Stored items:

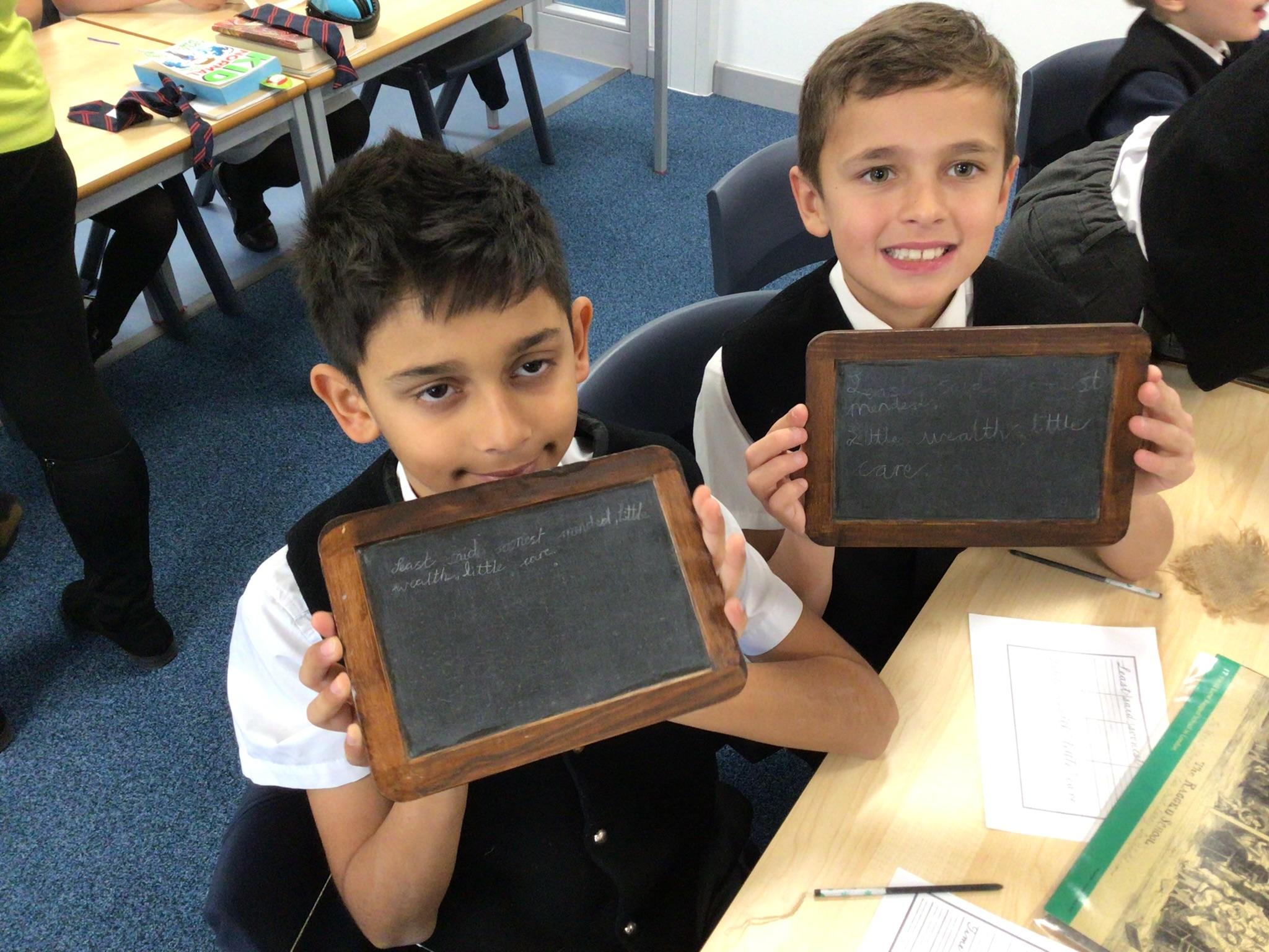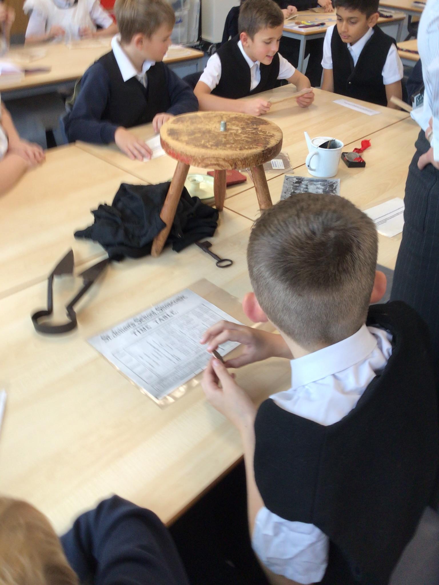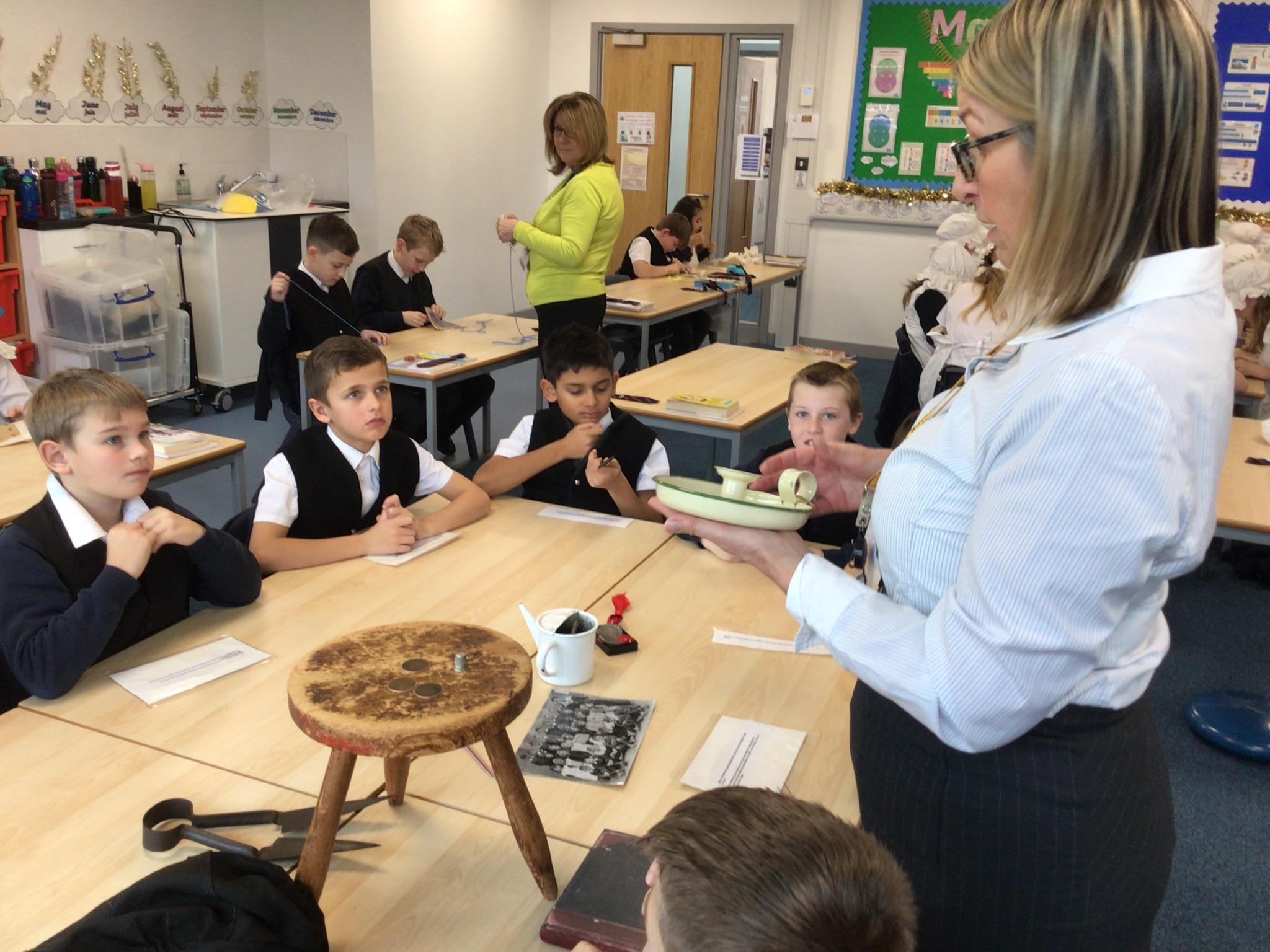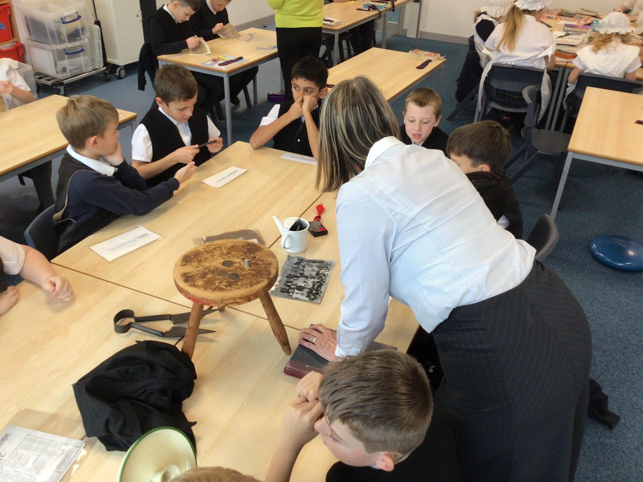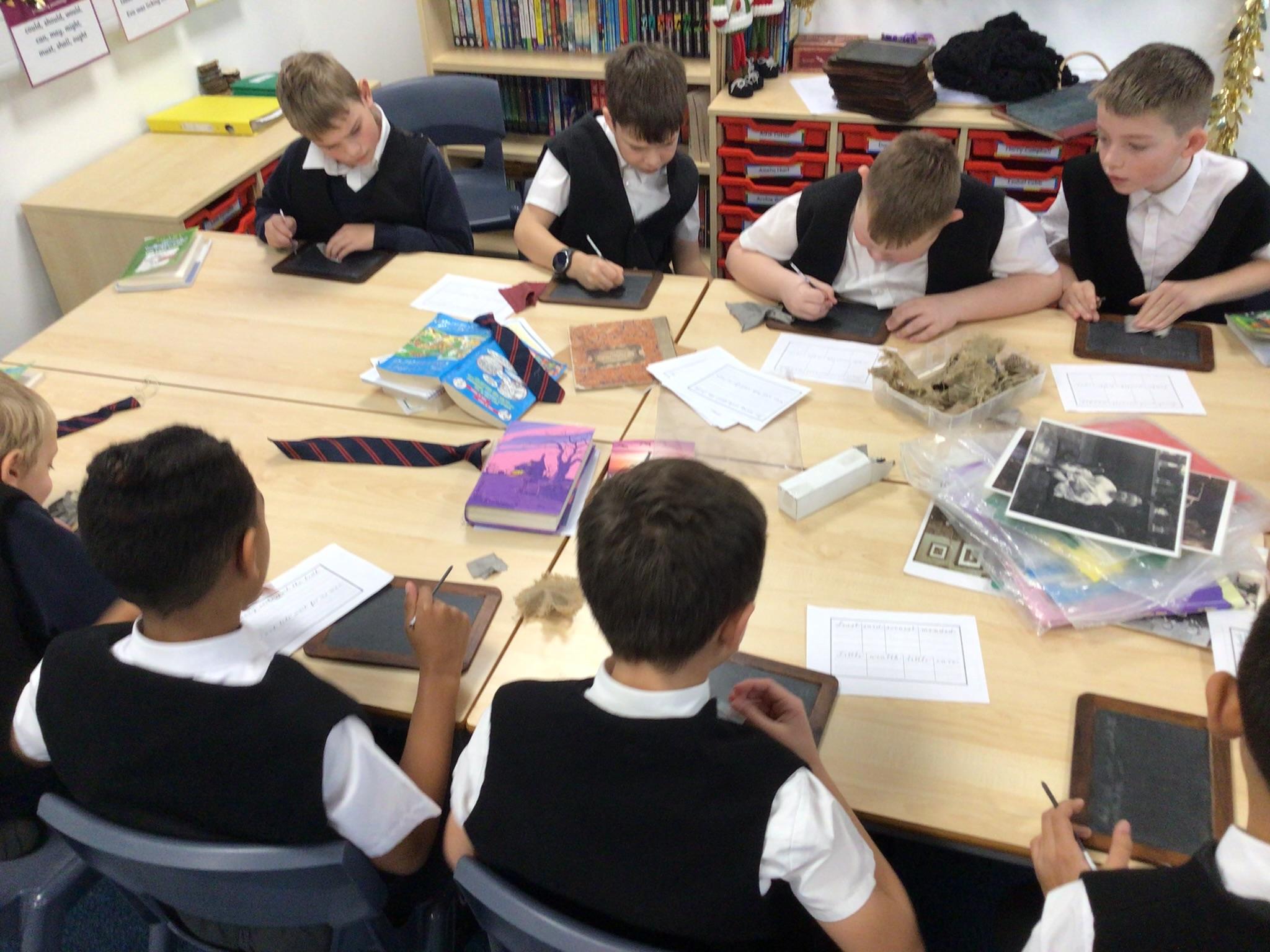 As part of our history work on the Victorians, we had a visit from the South West Heritage Trust. To start our morning, we pretended we were in a Victorian school and the children experienced what this was like. Following this, the children examined some Victorian artefacts and completed some Victorian activities.
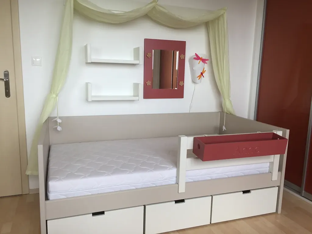 Exkluzivně nabízíme k dlouhodobému pronájmu krásný a velmi prostorný byt 3+kk s terasou, sklepem a garážovým stáním o celkové ploše 139 m2 v ulici Laudonova v pražských Štěrboholech ve třetím patře třípatrové novostavby s výtahem. Dům je součástí developerského projektu Štěrboholské zahrady a nachází se na velmi klidném místě vedle původní zástavby rodinných domů. Budova je obklopena velkou soukromou zahradou se spoustou zeleně a k bytu navíc patří vlastní prostorná terasa navazující na obývací pokoj s kuchyní. Byt je vybaven moderní kuchyňskou linkou ze studia Sykora se spotřebiči Siemens. Součástí bytu je dále obývací stěna s televizí Samsung a čtyři vestavěné skříně. V bytě může zůstat také další nábytek včetně kompletně zařízeného dětského pokoje pro dvě děti. Parkovat je možné před domem nebo v suterénu budovy, kde je k dispozici jedno garážové stání a sklep, jejichž pronájem je již zahrnutý v ceně. Ve Štěrboholech se nachází mateřská škola, základní škola a obchodní centrum Europark, Retail Park a Fashion arena. V blízkosti bytu je autobusová zastávka Štěrboholy, odkud jízda na stanici metra Depo Hostivař trvá 10 minut. V pěší dostupnosti je také zastávka autobusu Radiová s přímým spojením na Prahu 4 a Prahu 9. Rovněž je možné využít vlakové spojení na Masarykovo nádraží z vedlejších čtvrtí Kyje a Dolní Počernice. Byt bude volný k nastěhování od 1.6.2026 a je určen pro maximálně 4 osoby, zvířata nejsou povolena.
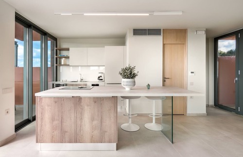 On the first level, the living room with a comfortable 3 meters sofa, invites you to unwind and soak in the breathtaking views of the swimming pool and the glistening sea beyond. Large windows and glass doors allow natural light to flood the space, creating an airy and inviting atmosphere. At the same level, the kitchen is fully equipped with a Bosh® fitted oven, Whirlpool® fridge, and Bosh® dish washer, while the kitchen island with the Bora® ceramic hobs is where delicious dishes are made, and life happens around. Adjacent to the kitchen is a convenient WC.
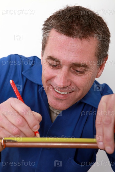 Сантехник измеряет медные трубы
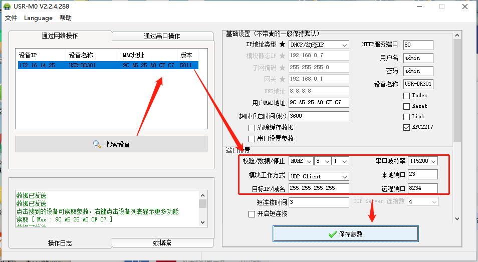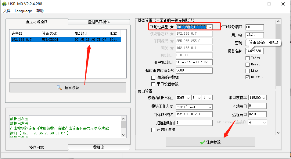 点击“搜索设备”当搜索列表中出现301的设备后,单击搜索到的设备,右边基础设置,在“IP地址类型”将静态IP改为DHCP动态获取,点击保存参数。
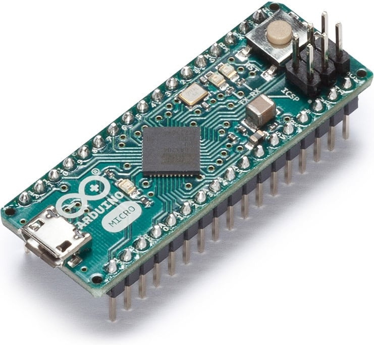 Arduino Micro is een ontwikkelplatform gebaseerd op de ATmega32u4 processor. Het bord heeft 20 digitale in-/uitgangen (waarvan er 7 kunnen worden gebruikt als PWM-uitgangen en 12 als analoge ingangen), een 16 MHz oscillator, een ICSP-header, een resetknop, een microUSB-interface en een voedingsconnector.
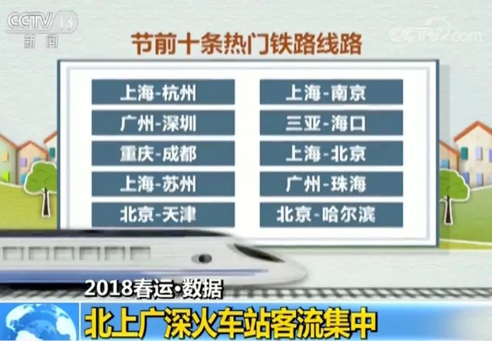 根据火车票预售数据,节前十条热门铁路线路为:上海-杭州、广州-深圳、重庆-成都、上海-苏州、北京-天津、上海-南京、三亚-海口、上海-北京、广州-珠海、北京-哈尔滨。这些热门线路中,高铁出行需求快速增长。
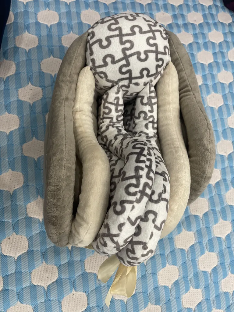 ولی اگه همراهش یک بالشت کوچیک فرم دهی سر از جنس و طرح خودش می داشت بهتر بود و یکم سرش رو میبرد بالاتر.که من از بالشت های فرم دهی داشتم استفاده کردم.
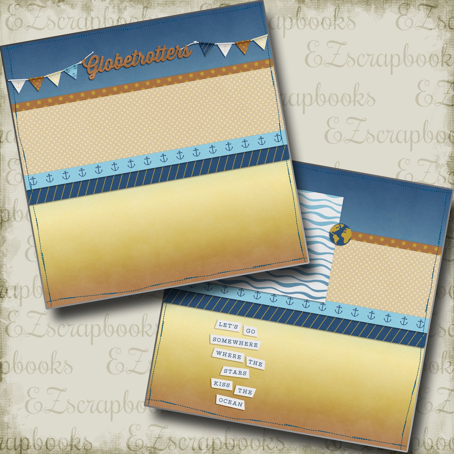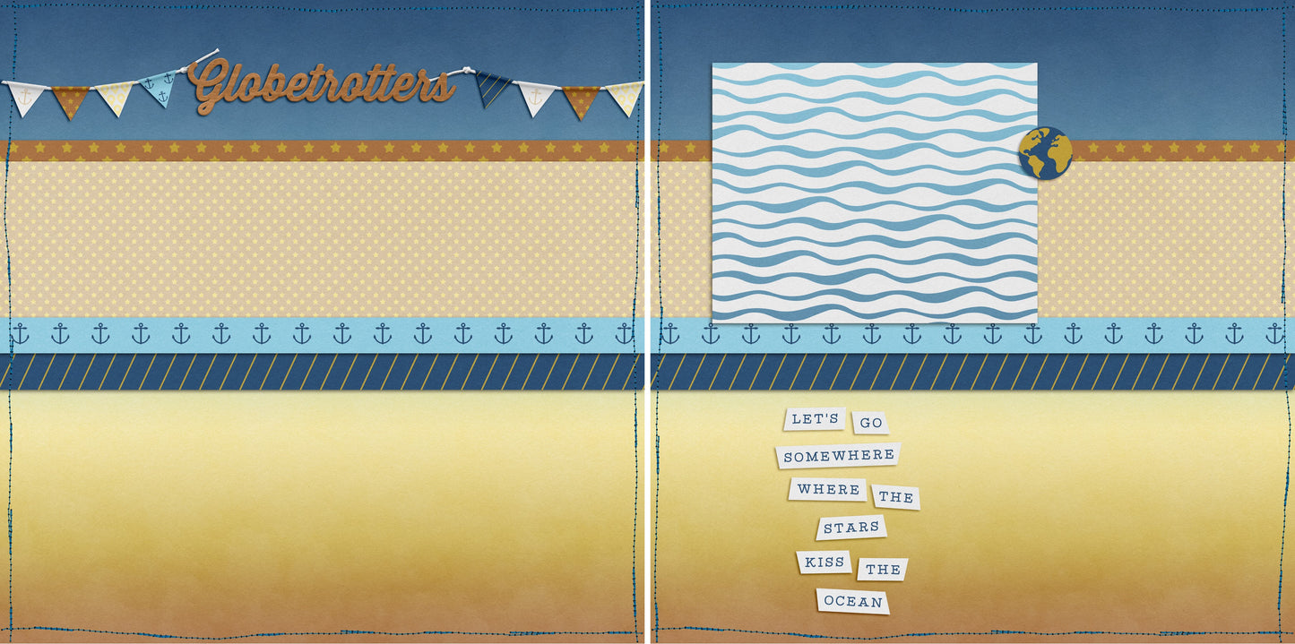 2 12X12 scrapbook pages designed and professionally printed on high quality card stock. Just add photos!
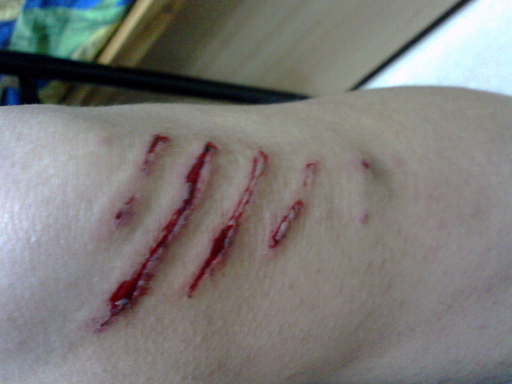 除了老K牌護腿以外我還戴了軟式有護墊的護膝, 若是沒有的話膝蓋經過世界貓的爪子劃過恐怕就跟小魚一樣吃牛排了.

- [TASK PROMPT] Please retype the lines from the one containing "ولی اگه همراهش" through the last line of the records above, exactly as written, and leave out any pictures.

- [EXERCISE ANSWER]
 ولی اگه همراهش یک بالشت کوچیک فرم دهی سر از جنس و طرح خودش می داشت بهتر بود و یکم سرش رو میبرد بالاتر.که من از بالشت های فرم دهی داشتم استفاده کردم.
 2 12X12 scrapbook pages designed and professionally printed on high quality card stock. Just add photos!
 除了老K牌護腿以外我還戴了軟式有護墊的護膝, 若是沒有的話膝蓋經過世界貓的爪子劃過恐怕就跟小魚一樣吃牛排了.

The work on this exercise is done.